_Your assignment_. Nothing in the entries may be altered; copy them in full.

_Materials provided_.
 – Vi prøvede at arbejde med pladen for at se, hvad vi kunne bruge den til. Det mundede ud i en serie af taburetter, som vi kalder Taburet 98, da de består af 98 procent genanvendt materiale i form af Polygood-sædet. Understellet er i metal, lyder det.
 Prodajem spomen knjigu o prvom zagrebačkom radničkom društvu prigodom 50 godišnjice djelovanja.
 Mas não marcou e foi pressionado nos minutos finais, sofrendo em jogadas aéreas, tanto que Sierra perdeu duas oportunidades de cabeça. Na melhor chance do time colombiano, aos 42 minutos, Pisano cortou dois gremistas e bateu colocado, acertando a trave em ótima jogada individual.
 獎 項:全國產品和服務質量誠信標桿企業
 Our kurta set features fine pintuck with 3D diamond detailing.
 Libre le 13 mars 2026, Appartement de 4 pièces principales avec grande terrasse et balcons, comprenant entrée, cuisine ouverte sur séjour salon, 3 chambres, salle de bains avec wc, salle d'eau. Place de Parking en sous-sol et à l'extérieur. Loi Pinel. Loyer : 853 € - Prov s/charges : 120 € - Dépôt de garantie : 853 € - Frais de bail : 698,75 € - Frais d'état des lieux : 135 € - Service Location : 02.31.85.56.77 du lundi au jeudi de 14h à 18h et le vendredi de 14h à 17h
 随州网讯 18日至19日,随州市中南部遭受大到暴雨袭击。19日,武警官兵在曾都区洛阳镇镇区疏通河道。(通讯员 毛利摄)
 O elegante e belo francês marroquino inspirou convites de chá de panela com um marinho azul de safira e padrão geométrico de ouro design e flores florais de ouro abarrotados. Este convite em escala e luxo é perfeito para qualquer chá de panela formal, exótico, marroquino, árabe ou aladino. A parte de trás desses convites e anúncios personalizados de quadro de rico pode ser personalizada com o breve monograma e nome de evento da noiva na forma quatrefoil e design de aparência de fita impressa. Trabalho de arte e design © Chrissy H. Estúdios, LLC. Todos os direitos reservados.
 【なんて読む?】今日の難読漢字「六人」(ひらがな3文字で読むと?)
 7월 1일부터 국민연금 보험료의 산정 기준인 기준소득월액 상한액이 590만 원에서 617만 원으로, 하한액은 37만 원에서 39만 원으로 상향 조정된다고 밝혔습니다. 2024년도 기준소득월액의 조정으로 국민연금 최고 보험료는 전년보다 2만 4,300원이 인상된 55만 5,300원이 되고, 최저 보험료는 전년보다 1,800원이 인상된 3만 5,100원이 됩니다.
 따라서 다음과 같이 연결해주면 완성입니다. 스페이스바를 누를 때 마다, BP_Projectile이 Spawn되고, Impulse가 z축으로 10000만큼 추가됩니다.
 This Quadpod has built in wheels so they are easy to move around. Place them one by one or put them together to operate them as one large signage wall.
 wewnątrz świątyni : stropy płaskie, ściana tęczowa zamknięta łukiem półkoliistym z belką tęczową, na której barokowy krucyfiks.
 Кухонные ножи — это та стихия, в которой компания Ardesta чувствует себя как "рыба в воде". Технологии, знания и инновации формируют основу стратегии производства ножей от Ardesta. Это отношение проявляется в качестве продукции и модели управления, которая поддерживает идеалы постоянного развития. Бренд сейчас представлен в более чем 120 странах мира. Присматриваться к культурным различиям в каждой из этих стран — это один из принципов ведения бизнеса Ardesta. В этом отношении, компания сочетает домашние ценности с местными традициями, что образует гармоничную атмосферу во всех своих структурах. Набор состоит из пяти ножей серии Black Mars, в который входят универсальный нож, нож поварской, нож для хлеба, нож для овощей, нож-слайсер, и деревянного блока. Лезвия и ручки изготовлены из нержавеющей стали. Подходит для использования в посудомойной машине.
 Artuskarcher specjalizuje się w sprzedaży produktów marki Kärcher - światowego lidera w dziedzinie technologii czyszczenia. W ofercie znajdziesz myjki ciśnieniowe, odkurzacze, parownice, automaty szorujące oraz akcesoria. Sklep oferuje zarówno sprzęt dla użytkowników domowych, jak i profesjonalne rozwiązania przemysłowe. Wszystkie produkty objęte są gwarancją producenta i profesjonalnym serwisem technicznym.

_Answer to the problem_.
 – Vi prøvede at arbejde med pladen for at se, hvad vi kunne bruge den til. Det mundede ud i en serie af taburetter, som vi kalder Taburet 98, da de består af 98 procent genanvendt materiale i form af Polygood-sædet. Understellet er i metal, lyder det.
 Prodajem spomen knjigu o prvom zagrebačkom radničkom društvu prigodom 50 godišnjice djelovanja.
 Mas não marcou e foi pressionado nos minutos finais, sofrendo em jogadas aéreas, tanto que Sierra perdeu duas oportunidades de cabeça. Na melhor chance do time colombiano, aos 42 minutos, Pisano cortou dois gremistas e bateu colocado, acertando a trave em ótima jogada individual.
 獎 項:全國產品和服務質量誠信標桿企業
 Our kurta set features fine pintuck with 3D diamond detailing.
 Libre le 13 mars 2026, Appartement de 4 pièces principales avec grande terrasse et balcons, comprenant entrée, cuisine ouverte sur séjour salon, 3 chambres, salle de bains avec wc, salle d'eau. Place de Parking en sous-sol et à l'extérieur. Loi Pinel. Loyer : 853 € - Prov s/charges : 120 € - Dépôt de garantie : 853 € - Frais de bail : 698,75 € - Frais d'état des lieux : 135 € - Service Location : 02.31.85.56.77 du lundi au jeudi de 14h à 18h et le vendredi de 14h à 17h
 随州网讯 18日至19日,随州市中南部遭受大到暴雨袭击。19日,武警官兵在曾都区洛阳镇镇区疏通河道。(通讯员 毛利摄)
 O elegante e belo francês marroquino inspirou convites de chá de panela com um marinho azul de safira e padrão geométrico de ouro design e flores florais de ouro abarrotados. Este convite em escala e luxo é perfeito para qualquer chá de panela formal, exótico, marroquino, árabe ou aladino. A parte de trás desses convites e anúncios personalizados de quadro de rico pode ser personalizada com o breve monograma e nome de evento da noiva na forma quatrefoil e design de aparência de fita impressa. Trabalho de arte e design © Chrissy H. Estúdios, LLC. Todos os direitos reservados.
 【なんて読む?】今日の難読漢字「六人」(ひらがな3文字で読むと?)
 7월 1일부터 국민연금 보험료의 산정 기준인 기준소득월액 상한액이 590만 원에서 617만 원으로, 하한액은 37만 원에서 39만 원으로 상향 조정된다고 밝혔습니다. 2024년도 기준소득월액의 조정으로 국민연금 최고 보험료는 전년보다 2만 4,300원이 인상된 55만 5,300원이 되고, 최저 보험료는 전년보다 1,800원이 인상된 3만 5,100원이 됩니다.
 따라서 다음과 같이 연결해주면 완성입니다. 스페이스바를 누를 때 마다, BP_Projectile이 Spawn되고, Impulse가 z축으로 10000만큼 추가됩니다.
 This Quadpod has built in wheels so they are easy to move around. Place them one by one or put them together to operate them as one large signage wall.
 wewnątrz świątyni : stropy płaskie, ściana tęczowa zamknięta łukiem półkoliistym z belką tęczową, na której barokowy krucyfiks.
 Кухонные ножи — это та стихия, в которой компания Ardesta чувствует себя как "рыба в воде". Технологии, знания и инновации формируют основу стратегии производства ножей от Ardesta. Это отношение проявляется в качестве продукции и модели управления, которая поддерживает идеалы постоянного развития. Бренд сейчас представлен в более чем 120 странах мира. Присматриваться к культурным различиям в каждой из этих стран — это один из принципов ведения бизнеса Ardesta. В этом отношении, компания сочетает домашние ценности с местными традициями, что образует гармоничную атмосферу во всех своих структурах. Набор состоит из пяти ножей серии Black Mars, в который входят универсальный нож, нож поварской, нож для хлеба, нож для овощей, нож-слайсер, и деревянного блока. Лезвия и ручки изготовлены из нержавеющей стали. Подходит для использования в посудомойной машине.
 Artuskarcher specjalizuje się w sprzedaży produktów marki Kärcher - światowego lidera w dziedzinie technologii czyszczenia. W ofercie znajdziesz myjki ciśnieniowe, odkurzacze, parownice, automaty szorujące oraz akcesoria. Sklep oferuje zarówno sprzęt dla użytkowników domowych, jak i profesjonalne rozwiązania przemysłowe. Wszystkie produkty objęte są gwarancją producenta i profesjonalnym serwisem technicznym.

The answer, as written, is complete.